- Home
- Diergezondheid
- Dierziekten
- Westnijlvirus
Westnijlvirus
Westnijlvirus (WNV) is een bij paarden, muilezels en ezels voorkomende virusziekte die in de meeste gevallen zonder ziekteverschijnselen verloopt. Echter bij ongeveer 10 procent van de dieren worden in ernst variërende neurologische verschijnselen gezien. Het virus kan vanuit trekvogels door muggen overgedragen worden op paarden; vogels zijn de reservoirgastheer. Het paard is 'dead-end' host, hetgeen wil zeggen dat via een paard het virus niet kan worden overgedragen op de mens. Het veroorzakende virus is een Flavivirus, behorend tot dezelfde familie als het dengue-virus, gelekoortsvirus, japanse-encefalitis-virus en het tick-born-encefalitisvirus. Het is een zoönose, dat wil zeggen dat mensen WNV kunnen krijgen via overdracht vanuit dieren (in dit geval vogels).
Meldingsplichtig
WNV is meldingsplichtig op basis van artikel 15 van de Gezondheids- en welzijnswet voor dieren. WVN is opgenomen in de Europese handelsrichtlijn voor paardachtigen (Richtlijn 90/426/EC): lidstaten hebben de plicht elkaar te vrijwaren van deze ziekte.

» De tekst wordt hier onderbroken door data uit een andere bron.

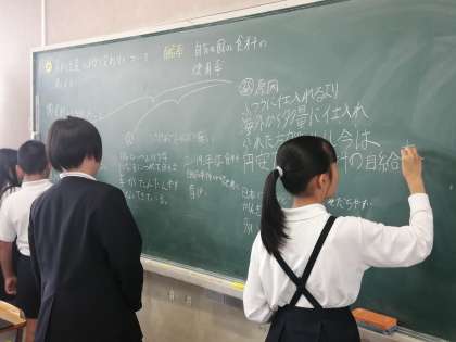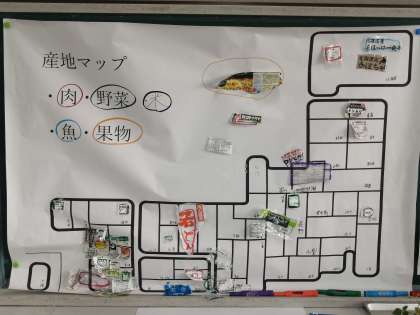 2組は社会。産地マップを見て気づいたことを、黒板に書いて意見交流です。
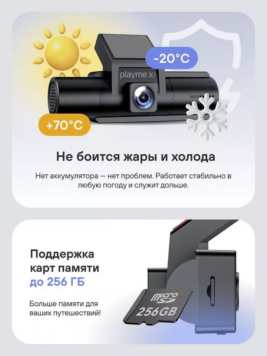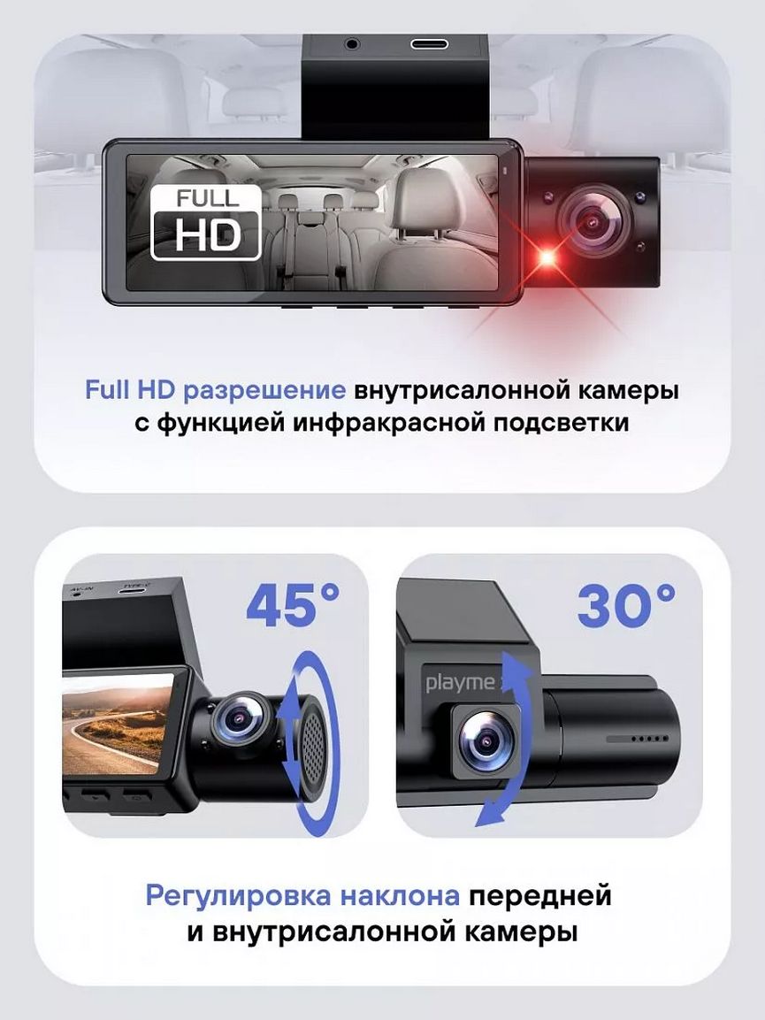 Playme X PRO — это мощный двухканальный видеорегистратор, обеспечивающий полный контроль за дорогой и салоном с возможностью подключения третьей FullHD камеры. Устройство записывает фронтальную обстановку в детальном разрешении QuadHD (2.5K), а салон — в FullHD с ИК-подсветкой для чёткой записи даже ночью. Расширьте зону наблюдения, установив дополнительную камеру на заднее стекло, чтобы фиксировать события позади автомобиля. Благодаря Wi-Fi, большому 3.2-дюймовому экрану и поддержке карт памяти до 256 ГБ управлять архивом и просматривать видео легко и удобно. Функции G-сенсора и датчика движения автоматически сохраняют важные моменты. Надёжность и поддержка трехканальной записи делают Playme X PRO идеальным выбором для всех автомобилистов, включая профессиональное использование в такси и коммерческом транспорте.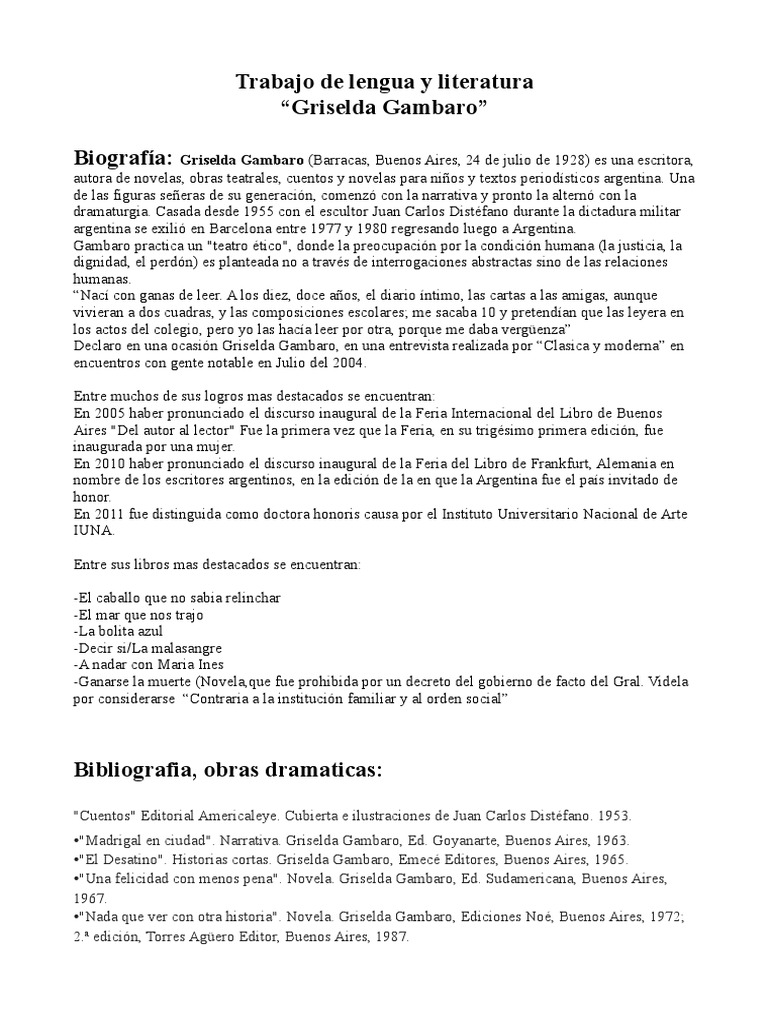 Frente a la irracionalidad de un totalitarismo que no se vale de palabras las palabras no valen. She like other authors that have lived in an oppressed country. La argentina Griselda Gambaro se encuentra entre los ms relevantes dramaturgos latinoamericanos.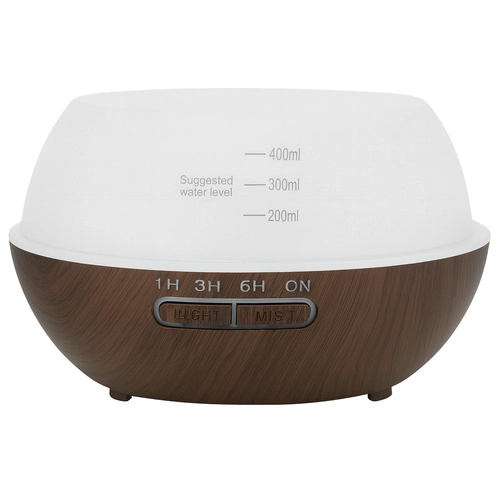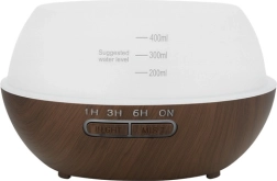 Transforma la atmósfera de tu hogar con el difusor de aroma y humidificador ultrasónico 4 en 1 con depósito de 400 ml. El dispositivo ofrece ionización para un aire más fresco, funcionamiento silencioso de alrededor de 36 dB, iluminación LED, temporizador 1/3/6 h y 4 modos de niebla. En el paquete encontrarás también un mando a distancia y 3 fragancias para aromaterapia.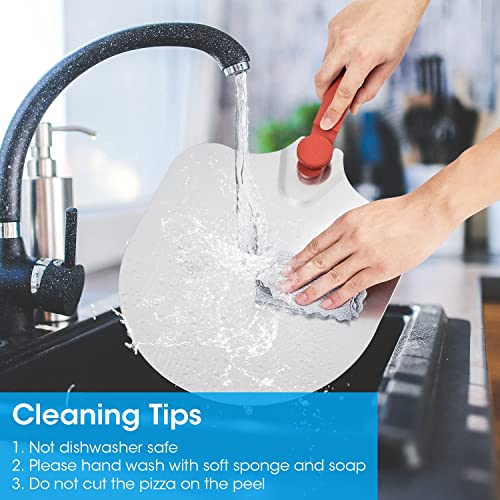 Unicook Pizza Peel 12 x 14 Inch, Aluminum Pizza Paddle with Foldable Handle, Pizza Spatula for Oven and Grill, Essential Baking Tools for Homemade Pizza and Bread, 21" Overall Length, White/Red

Dierziekte informatie westnijlvirus
Diagnose van westnijlvirus
De incubatietijd van het virus bij het paard varieert van drie tot vijftien dagen en daarop volgend is een korte periode waarin lage hoeveelheden virus in de bloedbaan circuleren. Bij paarden verloopt een infectie met WNV voor een groot deel van de dieren zonder (zichtbare) verschijnselen. Bij ongeveer 10 procent van de dieren worden in ernst variërende neurologische verschijnselen gezien. Hierbij valt te denken aan ataxie, spiertrillingen (vooral aan het hoofd), parese, gedragsveranderingen en prikkelbaarheid. Verder wordt bij deze dieren regelmatig algemene verschijnselen zoals koorts, anorexie, sloomheid, en/of koliek gezien. Van de dieren die wel acute neurologische verschijnselen vertonen gaat ongeveer 35 procent dood of moet worden geëuthanaseerd.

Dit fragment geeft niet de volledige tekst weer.